> [EXERCISE DIRECTIONS]:
Leave out the pictures and retype exactly the lines from the line with "武蔵関駅まで1110m 西武" through the end of the listing below.

[Opening INPUT FOR THIS TASK section]

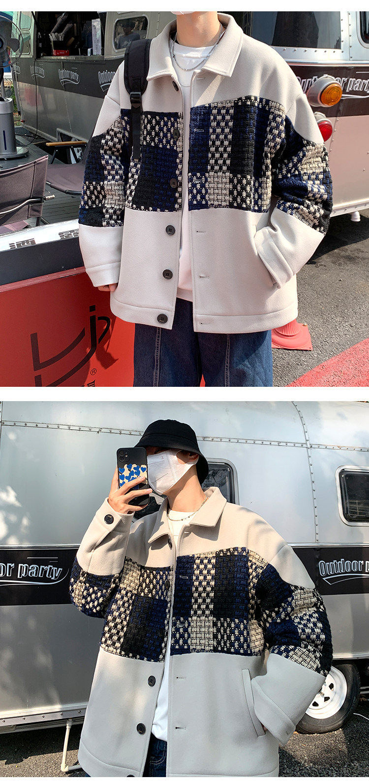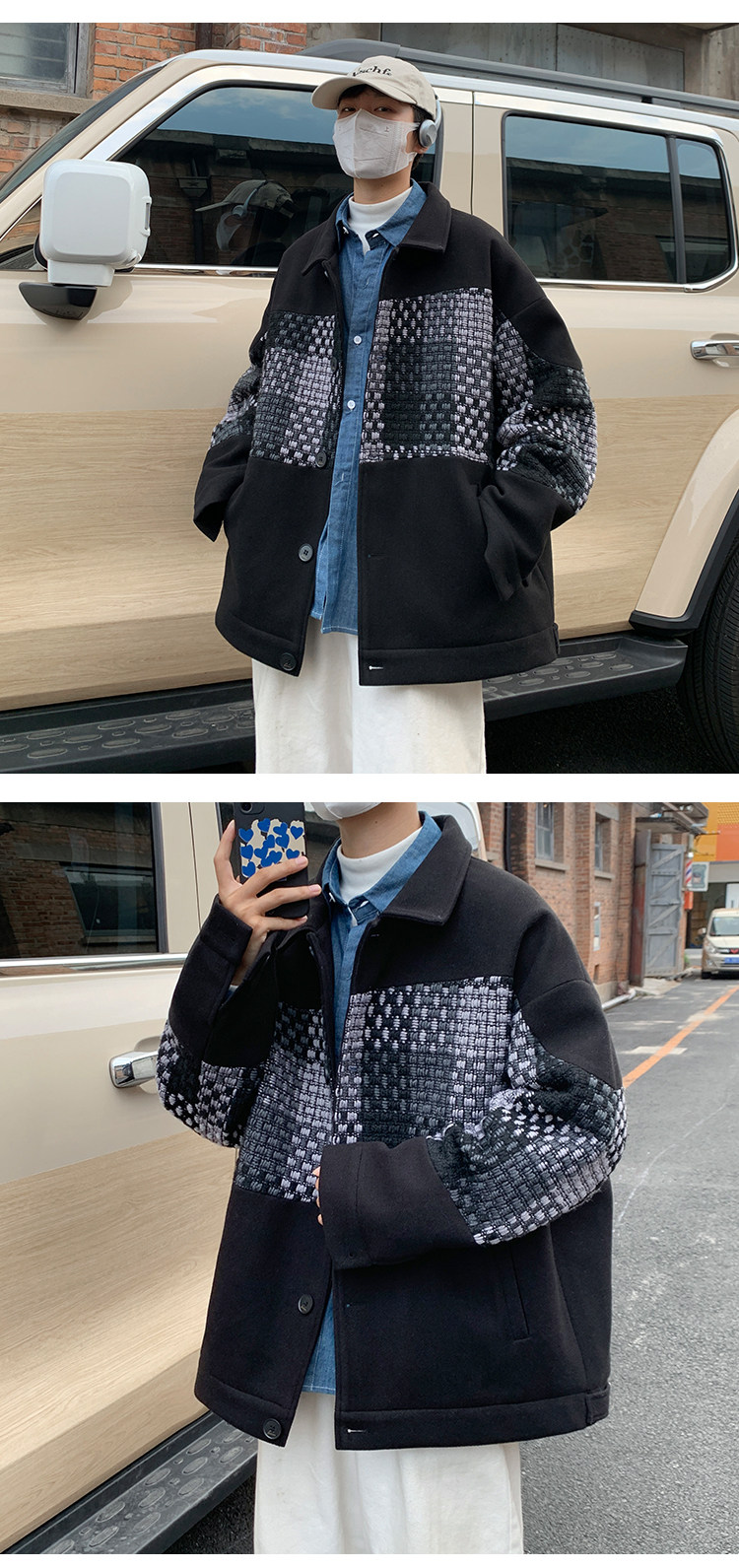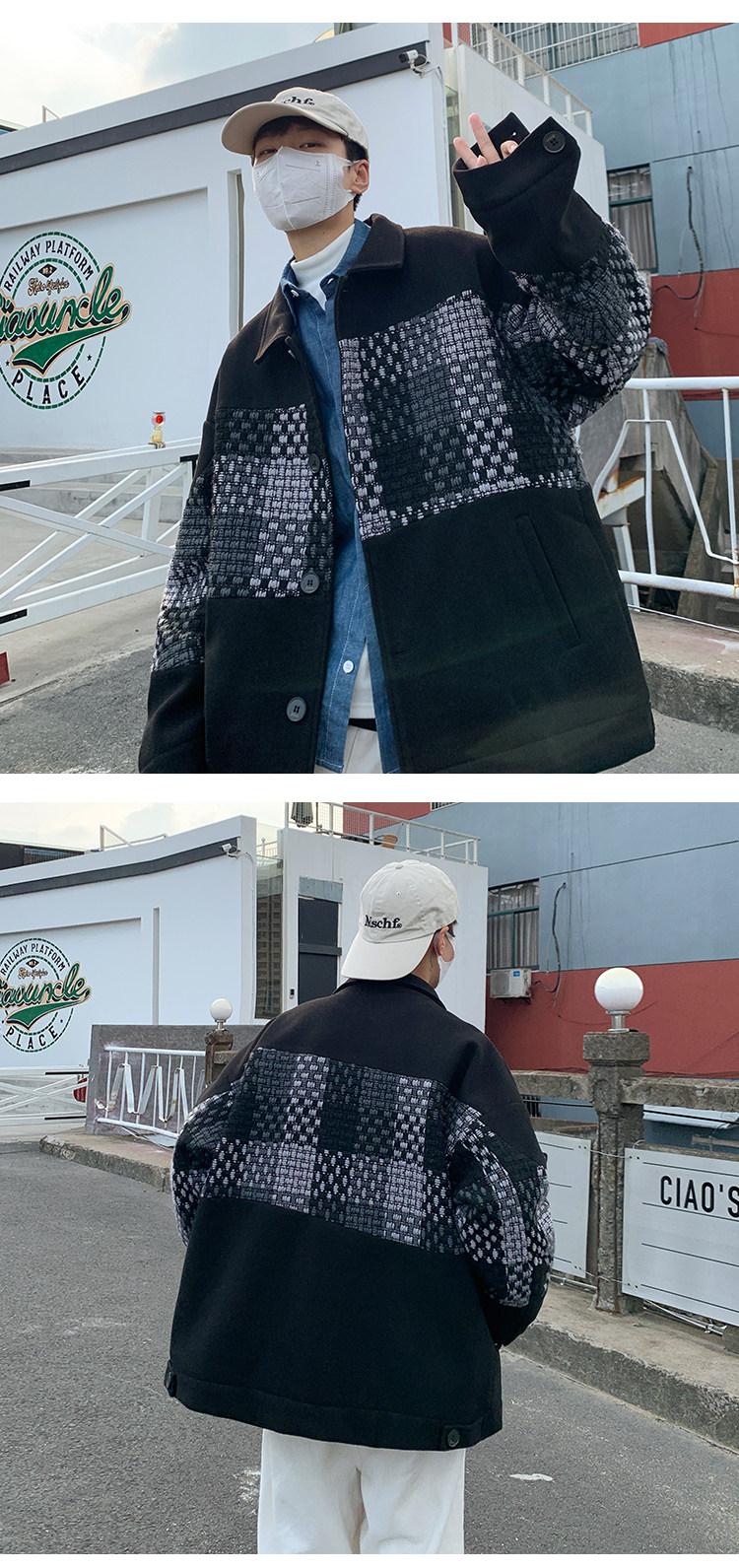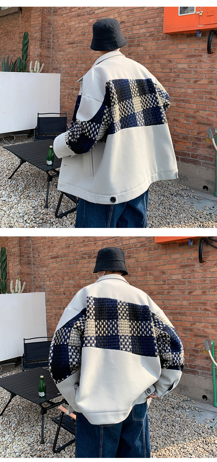 Trendy Men's Jacket with a High-End Feel, Color-Blocked Patchwork, Spring Korean Style, Fashionable Design, Woolen Coat
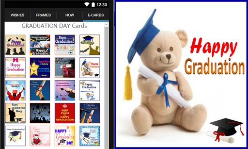 Graduation Day: Cards & Frames allow you to choose from many cards which you can type your messages, or just send the readily e-cards. Or you can also select and use the Graduation Day frames application to capture your selfie, wefie or any photo and send them as your greetings. You can also use the photo editors to frame or edit and design / decorate your existing photos.
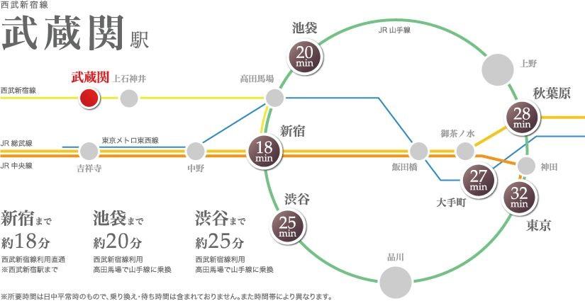 武蔵関駅まで1110m 西武新宿線終点駅「西武新宿駅」まで準急19分と都心への利便が便利。スーパーマーケットや雑貨・食材・レストランなどの多彩な店舗が充実している。昔ながらの暮らしやすさが広がる人気エリア
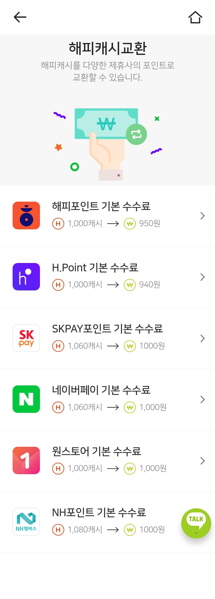 포인트에서 해피캐시 전환 시 각 포인트 별로 전환비율이 정해져 있으며 소정의 수수료가 지출됩니다.
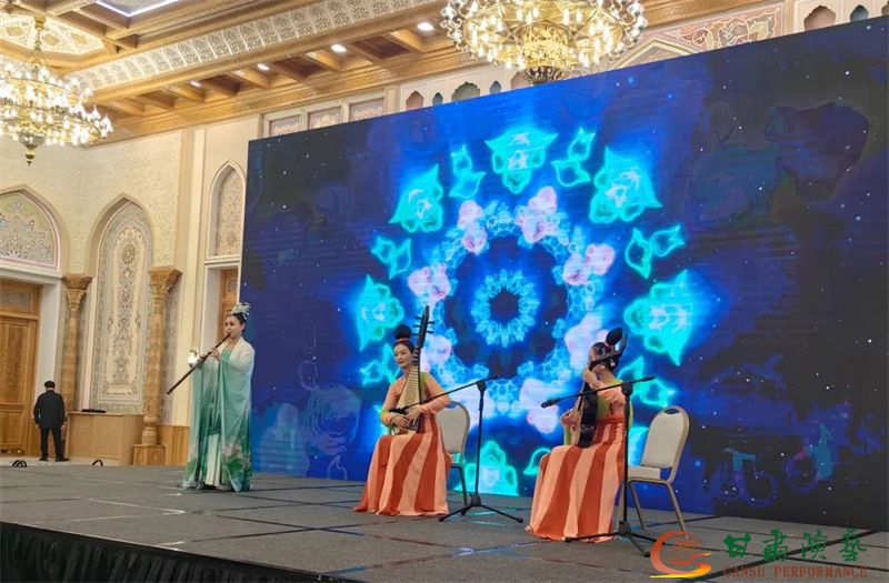 9月17日下午,藝術(shù)家們馬不停蹄前往烏茲別克斯坦撒馬爾罕絲綢之路國際旅游中心,用極具敦煌特色的舞蹈和器樂演奏同撒馬爾罕國際科技大學(xué)的師生進(jìn)行了跨越語言的交流,本場演出由中華人民共和國駐烏茲別克斯坦大使館、甘肅省文化和旅游廳主辦,撒馬爾罕國際科技大學(xué)承辦。
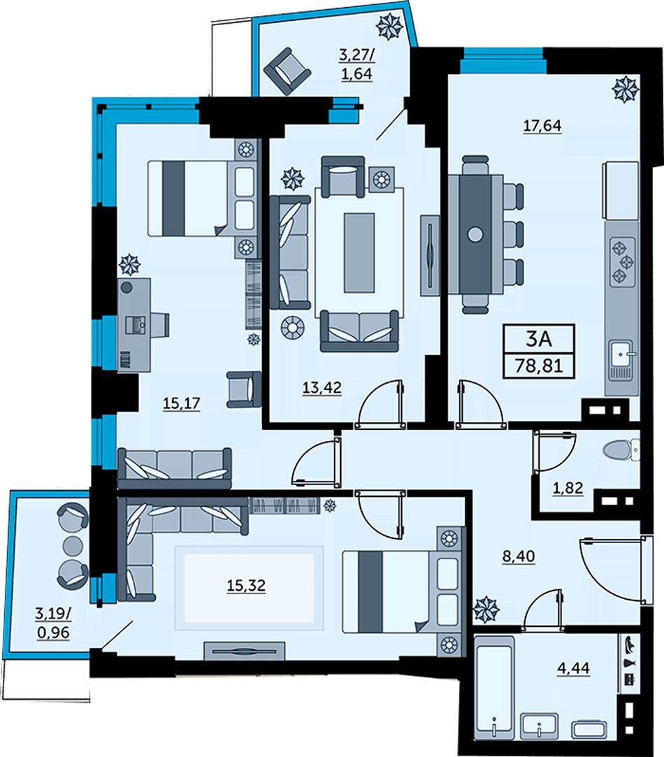 3-комн. | 68 - 76 м² | 12,5 - 13,3 млн ₽ |
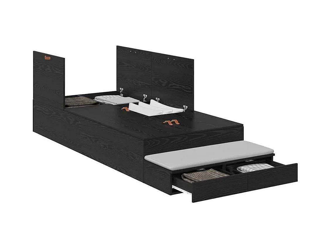 Lit simple | Lit adulte, enfant | Cadre de lit avec rangement Chêne noir 226.5x90x31.5 cm
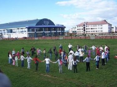 A résztvevők testükkel a béke nemzetközi szimbólumát rajzolták ki. Az egyesület felhívására több mint hetven felnőtt és fiatal vett részt a rendezvényen és kampányolt az erőszakmentességért, legtöbben a Turóczi Mózes-iskolából jöttek. Bálint Botond az egyesület egyik önkéntese felolvasta Ban Ki Mun ENSZ-főtitkár béke-világnapi üzenetét.(Iochom)
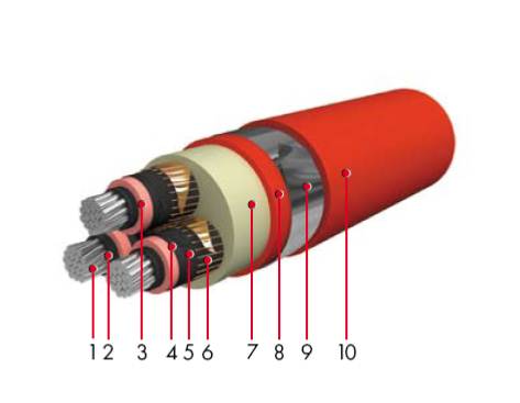 - 1: алюминиевая круглая уплотненная токопроводящая жила

[Closing INPUT FOR THIS TASK section]

> [SOLUTION TO THIS PROBLEM]:
 武蔵関駅まで1110m 西武新宿線終点駅「西武新宿駅」まで準急19分と都心への利便が便利。スーパーマーケットや雑貨・食材・レストランなどの多彩な店舗が充実している。昔ながらの暮らしやすさが広がる人気エリア
 포인트에서 해피캐시 전환 시 각 포인트 별로 전환비율이 정해져 있으며 소정의 수수료가 지출됩니다.
 9月17日下午,藝術(shù)家們馬不停蹄前往烏茲別克斯坦撒馬爾罕絲綢之路國際旅游中心,用極具敦煌特色的舞蹈和器樂演奏同撒馬爾罕國際科技大學(xué)的師生進(jìn)行了跨越語言的交流,本場演出由中華人民共和國駐烏茲別克斯坦大使館、甘肅省文化和旅游廳主辦,撒馬爾罕國際科技大學(xué)承辦。
 3-комн. | 68 - 76 м² | 12,5 - 13,3 млн ₽ |
 Lit simple | Lit adulte, enfant | Cadre de lit avec rangement Chêne noir 226.5x90x31.5 cm
 A résztvevők testükkel a béke nemzetközi szimbólumát rajzolták ki. Az egyesület felhívására több mint hetven felnőtt és fiatal vett részt a rendezvényen és kampányolt az erőszakmentességért, legtöbben a Turóczi Mózes-iskolából jöttek. Bálint Botond az egyesület egyik önkéntese felolvasta Ban Ki Mun ENSZ-főtitkár béke-világnapi üzenetét.(Iochom)
 - 1: алюминиевая круглая уплотненная токопроводящая жила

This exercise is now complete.